Every day when Los Angeles Police officers pin on their badges and prepare to protect and to serve, they’re reminded of what they learned as Academy recruits: a reverence for human life.  Los Angeles Police Department officers are never trained to “shoot to kill,” only to stop a deadly threat in order to keep the community and themselves safe.  This isn’t a rhetorical turn-of-phrase or semantic contrivance, but a real world reality: taking a life — anyone’s life — is never our intent.  It’s a tragedy when it occurs for everyone involved and for the City of Los Angeles.

On January 14th around 3:30 am, two officers from LAPD’s Pacific Division responded to calls for help and confronted a naked, unarmed, 25-year old man jumping on cars and behaving erratically.  After trying several times to detain the man, they ended up on the ground in a struggle with Reggie Doucet Jr., a six-foot, 190-pound former college football defensive-back.  One of the officers shot Mr. Doucet who was then transported to a local hospital where he died as a result of his injuries.  Both officers were injured and were transported to a local hospital.

This entire incident is a tragedy.  My heart goes out to all involved, from Mr. Doucet’s family, to his loved ones and his friends, as well as to the officers involved.  In meetings with community leaders shortly after this tragic event occurred, I expressed deep sympathy for their loss.  I assured them that this incident would be fully and objectively investigated.  And it will.  As the investigation continues, I will provide the facts in the most transparent manner I can without compromising the investigation.

Understandably, some wonder how it’s legal for police to use deadly force against unarmed suspects.  LAPD policy is based on the 1989 Supreme Court ruling in Graham v.

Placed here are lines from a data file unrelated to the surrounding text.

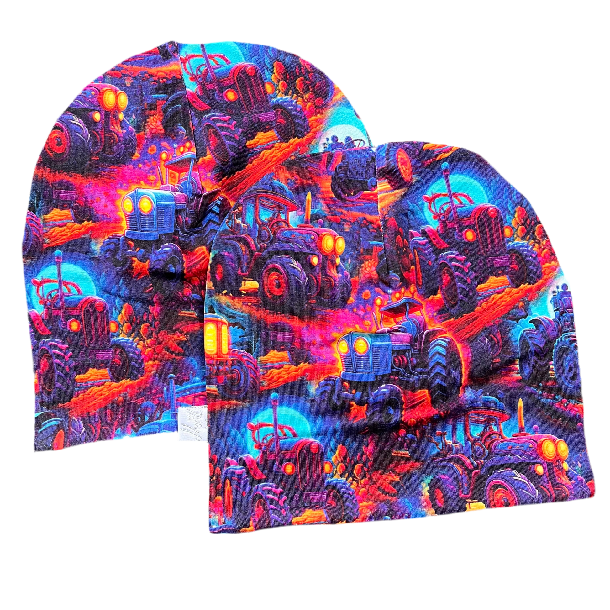 "Sjarmerende ull-lue med fargerike traktorer og varmt ullfor. Perfekt for små maskinfans. Legg til i handlekurven før den forsvinner!" Dobbel Lue med Bomull og Ull – Perfekt for Kalde Dager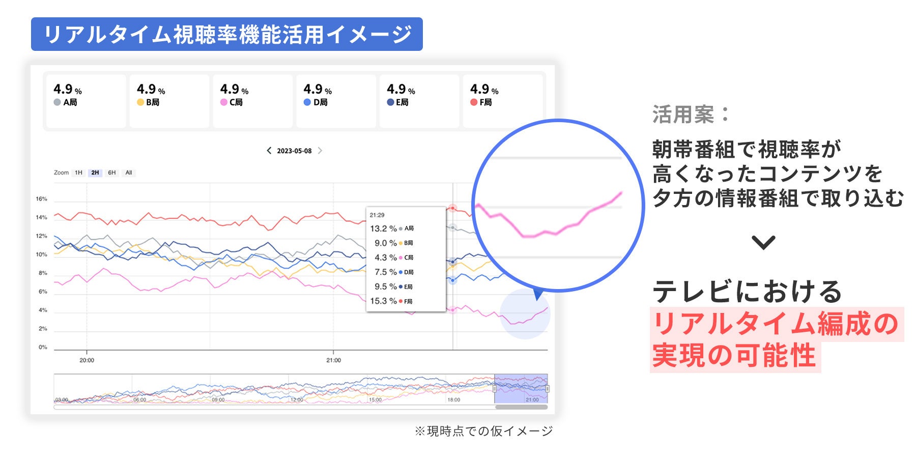 例えば、1時間以上の朝帯番組で視聴率が高かったコンテンツをリアルタイム視聴率で発見し、夕方の情報番組に盛り込むなど、様々な番組編成にお使いいただけます。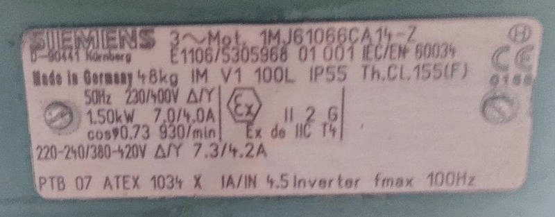 | Roerwerk 1: Vermogen (kw) | 1,5 |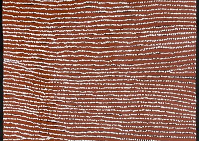 This striking tali (sandhills) painting by Mantua James Nangala (also known as Mantua Nangala) captures the vast, rippling sand dunes of her Pintupi Country in the Gibson Desert,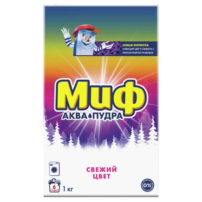 Стиральный порошок Миф Свежий цвет Автомат для стиральных машин предназначен для стирки цветного и белого белья. Порошок для стирки Миф Свежий цвет отлично очищает и удаляет пятна, сохраняет яркие цвета и придает вещам приятный свежий аромат. Благодаря технологии Аквапудра, Миф Свежий цвет мгновенно растворяется при контакте с водой и хорошо выполаскивается. Только сияющая чистота и свежесть!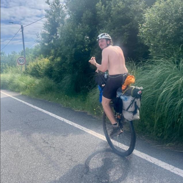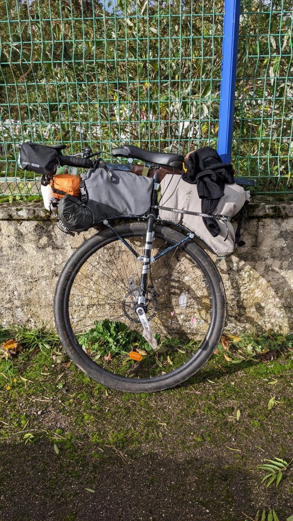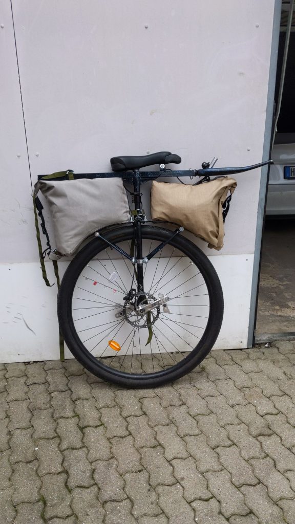 Um auf Einradreisen keinen schweren Rucksack tragen zu müssen, baute ich 2023 ein Gestell, an das ich selbstgenähte Taschen hängen kann, in denen ich Camping und Kochgeschirr, wie auch Klamotten und Elektronik sicher verstauen kann. Mit diesem Setup bin ich 2023 die französische Westküste entlang gefahren und 2024 entlang der Küste und durch die Berge Portugals.

Conner in which the court mandated application of an “Objectively Reasonable Standard.”  Under this guideline, officers are trained to evaluate the severity of the crime the suspect is committing or is about to commit and the likelihood his or her behavior will inflict serious injury to an officer or other person.  If a suspect’s behavior is likely to cause serious bodily harm, injury or death, officers are, by law, justified in using deadly force to defend themselves and others.  Indeed, many people have died at the hands of unarmed killers and many police officers are slain by unarmed suspects who gain control of officers’ weapons.  No less than 44 officers died this way between 1998-2008; at least two in 2009.  Only a rigorous and exacting investigation can determine whether the use of deadly force in this instance was objectively reasonable.  Whenever officers use deadly force, the LAPD’s Force Investigation Division (FID) conducts an extensive and thorough investigation.  Next, a Use of Force Review (UOFR) Board is convened on all incidents involving use of deadly force, where the use of force requires hospitalization of the arrestee or results in a death.  The Board submits its findings and recommendations to me, the Chief of Police, and I review the case.  I have to decide whether the force was within Department policy and the law, and present my findings and recommendations to the Board of Police Commissioners.  The L.A. County District Attorney’s Office independently investigates the use of force, as does the Inspector General (IG), which monitors the ongoing investigation and conducts its own independent review.  Both are totally separate from the LAPD.  They do not report to me.  The IG’s office submits its findings and recommendations to the Police Commission, which makes the final decision as to whether or not a shooting falls within Department policy.

Certain things are already known: We know that if a suspect takes or tries to take an officer’s gun by force, it’s reasonable to assume he or she intends to kill that officer and possibly others.  As recently as November 2010, Riverside Officer Ryan Bonaminio was likely killed with his own duty weapon.  A few weeks ago, the Police Chief of Ranier, Oregon, struggled with an unarmed suspect.  The Chief was killed with his own gun.

And we know, every single day, law enforcement officers in Los Angeles place themselves at life-threatening risk to keep the rest of us safe.  What’s more, they consider it a privilege to do so and so do I.

Keeping the people of Los Angeles safe is our highest priority.  Major crime rates may be at decade-low levels, but the threat of deadly violence is always present.  LAPD continuously looks at ways to improve our policies and training.  In fact, in 2009, we made further changes to our Use of Force Policy making it even more concise, more easily understood and consistent with prevailing law and law enforcement best practice.

While both Mr. Doucet and the officer involved in this incident are African-American, some have alleged race played a role in this tragedy.  Though that seems unlikely, I ask all concerned to withhold judgment until the facts are in and we can make a reasoned determination based on actual circumstances, available evidence and provable facts.  To those who protect and serve the City of Los Angeles, we owe them that much and more.